If I contact the company, and get a emailed version of the pdf, it is fully searchable!
(And I do know it's not a photo or a scanned copy)
Why is this? What have they done (by purpose or without) to get the online version non-searchable?
Can they have done something on the original file before publishing online? (and why?)
Obviously it's not the case with all online pdf:s, I browse through a lot every day, almost all works (except these odd ones). I use Adobe Acrobat Pro DC 32-bit, my browser is Chrome/Firefox. I have not figured out the common factor yet, so I hope to get some expert help from the community!
Thanks in advance
/Camilla
Copy link to clipboard
Copied
How are you saving the files you view online?
Copy link to clipboard
Copied
I rarely save them, I open them in Acrobat.
IF I save them, I sometimes use the option to save in the browser, sometimes I save from Acrobat, to my Dropbox.
But the error is not when I check my saved copies!
The error is when I want to search in a pdf (most times it is online)
Example here:
When i open it (lets say in Chrome) I want to search in it (I use the short Ctrl+F). Nothing can be searched for! The same if I open it in Acrobat and search
But I have emailed the company, and got a pdf by email, and that one works really fine to sarch in!
So my question is: How can I ask these companies to do, so that their online list will be searchable?
(I think like " never save your pdf as xxx" or "be aware to untick this box when saving it" or "if you upload the pdf, pls check so xxx is the format" or whatever the solution is. I am happy to play around myself and learn by doing, but this case have fooled me a long time now...
Copy link to clipboard
Copied
Sorry, the link might be hard to find...
scroll down and click on VIN
Then on Fullständig Vinlista
Sorry, I thought the link was to the pdf directly...
Copy link to clipboard
Copied
In this case the file has no text. Well, some spaces, but the wine list is a set of tiny pictures looking like text. There is nothing to search for. Acrobat Pro has an advanced feature of doing OCR if it needs to. This is not in the free Reader, and it isn't in browsers.
So, the file you were sent was made differently.
Copy link to clipboard
Copied
Ah, ok thanks! how can they have done it, likely? (I know they havent printed the original file and scanned it) They must have done something to the file, and that's what I look for to know...
I have Acrobart Pro so I can OCR, but it takes time and it can appear funny afterwards.
Copy link to clipboard
Copied
Chrome uses its own internal PDF plugin, unrelated to Adobe. If you're having problems with it report it to Google. You won't be the first, as it's known to be quite problematic, as well as practically all other browser plugins that display PDFs.
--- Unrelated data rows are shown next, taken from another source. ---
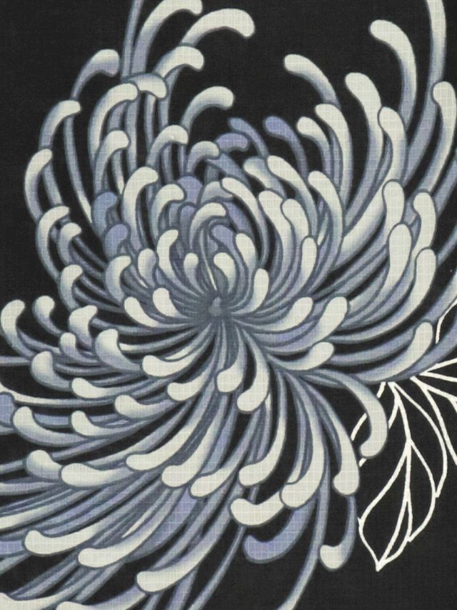 暗い黒地にライトブルーの大きな乱菊が映える☆
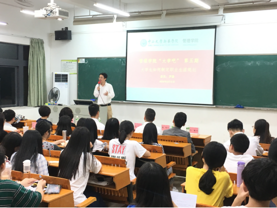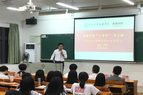 为了全面贯彻党的教育方针,落实立德树人根本任务,发展素质教育,推进教育公平,培养德智体美全面发展的社会主义建设者和接班人,2019年5月13日,由中山大学新华学院(以下简称我校)suncitygroup太阳新城党总支、办公室联合主办的“大学吧”第五期主题学习活动——“大学生如何制定职业生涯规划”交流分享会在我校东莞校区定静楼2A203举行。本期特邀锦石资本CEO罗毅先生,中国国旅广东公司CIO 和签证部总经理江林先生,广东烟草广州市有限公司财务科长陈琨先生三位嘉宾应邀参加交流会,我校suncitygroup太阳新城副院长武亮副教授、办公室主任蔡灿老师、教工党支部书记张贵萍老师、学生党支部书记刘钊老师等出席交流会。
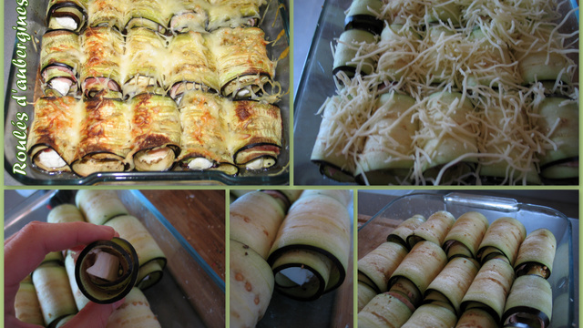 Pour le montage, mettez une tranche de jambon pour l'aubergine, préalablement salée et poivrée. A l'extrémité posé un bout de chèvre, et roulé le tout très serré. Mettez dans un plat, parsemez de gruyère, et hop au four a 190° pendant 20 minutes environ.
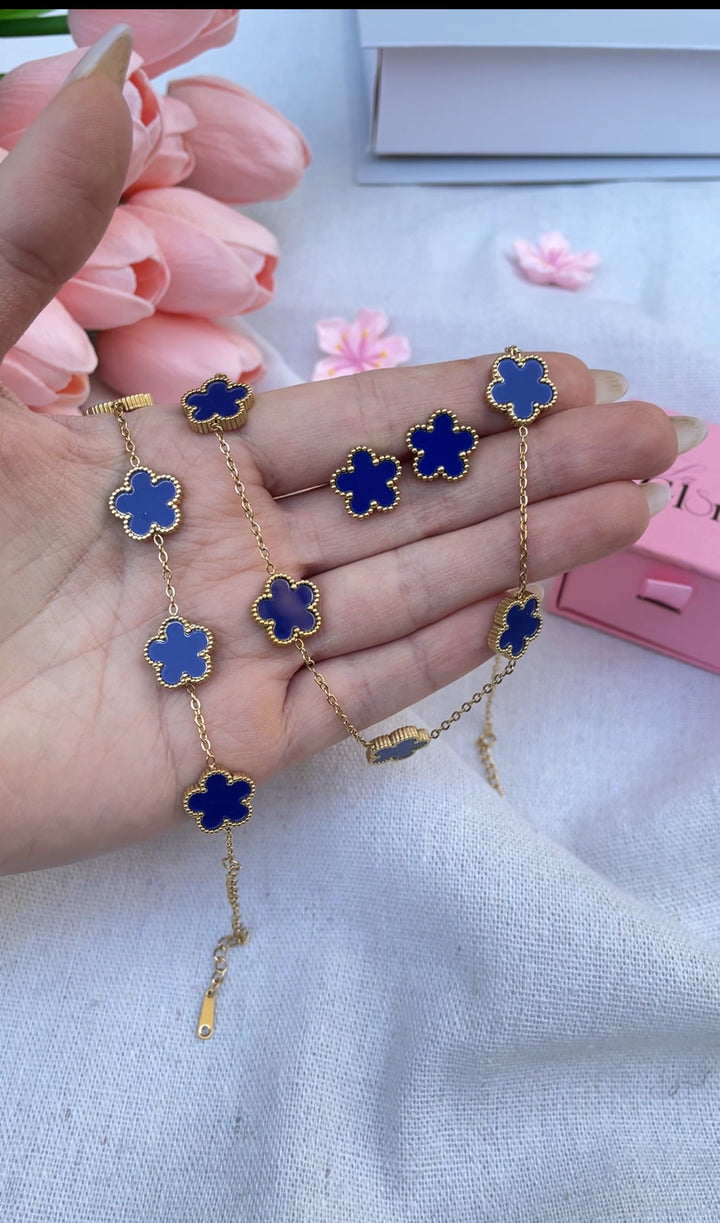 طقم الورود الكحلي يتسم بالتصميم الأنثوي المفعم بالأناقة والتناسق بين قطعه الثلاثة، ليمنح إطلالة متجانسة ورقيقة. السلسلة تحمل مجموعة من زهور كحلية اللون بأطراف متموجة محفوفة بإطار ذهبي ناعم، مما يضفي لمسة حيوية ومميزة. السوار ينساب حول المعصم بعناية ليبرز تفاصيل الورود الصغيرة، مما يخلق توازنًا مثاليًا مع السلسلة. أما الحلق فمصمم على شكل وردة واحدة كحلية اللون، محاطة بإطار ذهبي دقيق يعزز جمال التصميم. جميع القطع مطلية بالذهب عيار 18 مكفول سنة لتغير اللون.
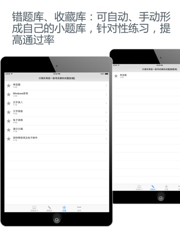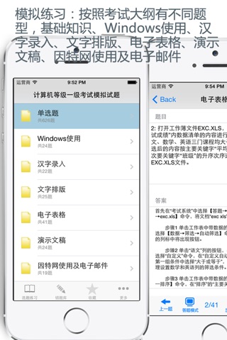 1、课程模拟练习:针对习题强化练习,可选择不同题型,基础知识,Windows使用、汉字录入、文字排版、电子表格、演示文稿、因特网使用及电子邮件。并可手动将易错或未牢固掌握的题加入收藏,以便反复练习。
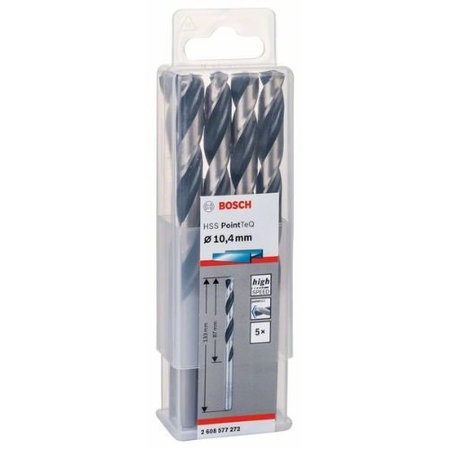 Der HSS-Spiralbohrer PointTeQ ermöglicht schnelles Bohren in Metall aufgrund des PointTeQ-Designs an der Bohrspitze. Schnelles und einfaches Anbohren ist möglich, da die selbstzentrierende Spitze Wandern verhindert. Aufgrund der erhöhten Bohrrate werden weniger Hitze und Verschleiß erzeugt. Das PointTeQ-Design an der Bohrspitze bleibt scharf und hält Dauereinsatz stand. Dieser Bohrer ist zum Bohren von Durchgangs- und Zentrierlöcher in legierten und unlegierten Stahl, in Nichteisenmetalle, Gussstahl, Gusseisen und Kunststoff. Es besteht ein niedriges Bruchrisiko, besonders für Bohrer mit einem Durchmesser unter 6 mm, da der Bohrer so hergestellt wurde, dass er einen hochelastischen Körper hat. Die mit Schwarzoxid beschichtete Nut ermöglicht eine schnelle Entfernung der Späne. Der HSS-Spiralbohrer PointTeQ ist gemäß DIN 338 hergestellt. Der Bohrer ist Typ N (kleiner Seitenspanwinkel) mit einem Spitzenwinkel von 135 Grad.
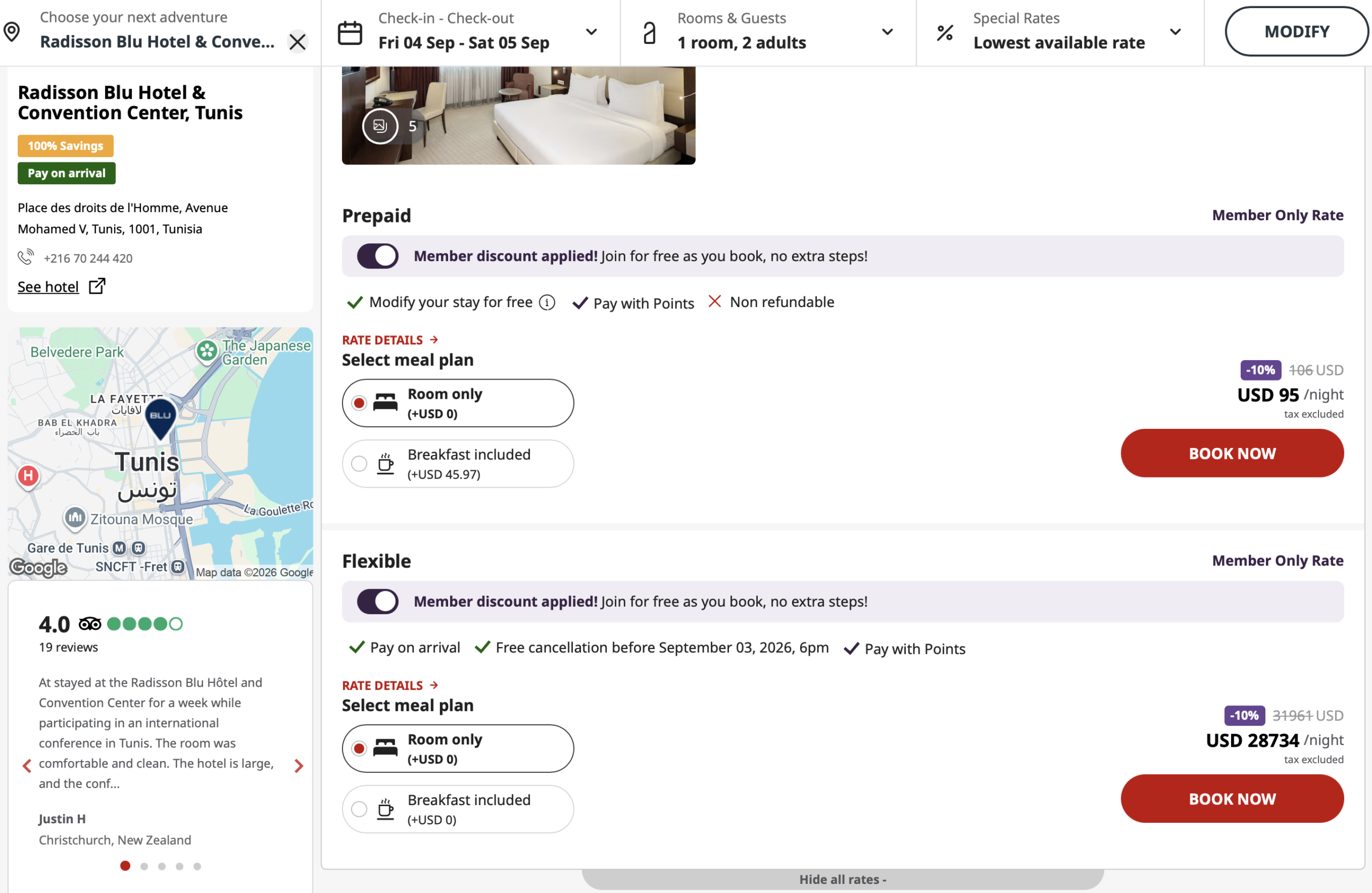 During some research for lodging options in Tunisia, I came across the official Internet web site of the Radisson Blu Hotel & Convention Center, Tunis hotel property.
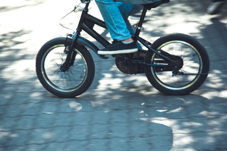 Young cyclist with bmx ready to start. Trendy young boy no face riding a bicycle looking the race track. Child having fun outdoor in the park. Competition, youth, brave, sport, outdoors concept
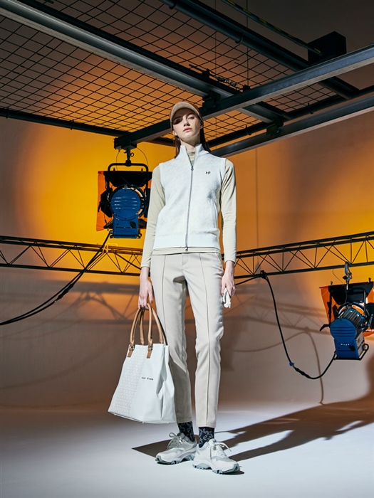美脚を追求したパンツに同色系のトップスとベストを合わせました。ベストは微配色で光沢のある糸で、モノグラム柄を編みたてたニットベストになっています。ベージュのカラートーンで合わせたコーディネートに、靴下のネイビーがきりっと引き締め帽子とバッグの合皮が全体を秋らしくまとめたスタイリングです。

For best results you should save the file and then open it in Acrobat directly.
Copy link to clipboard
Copied
Well, I have also saved the files to check them out in Acrobat. For this example I had here, I tried it again just now, and it is NOT searchable when saved and opened in Acrobat. So I should say its a cheatty way to blame Chrome (which I often do for a number of other things!).
The question again (slightly modified):
How can I explain to the creator of this pdf (not me) to behave, so that the pdf he/she uploads to the site is searchable? (wheather I open it in my browser or save it and open it in Acrobat).
Or, a more simple question: Is there a way when I create a pdf, to make it "non searchable" (if I for any reason would want that)?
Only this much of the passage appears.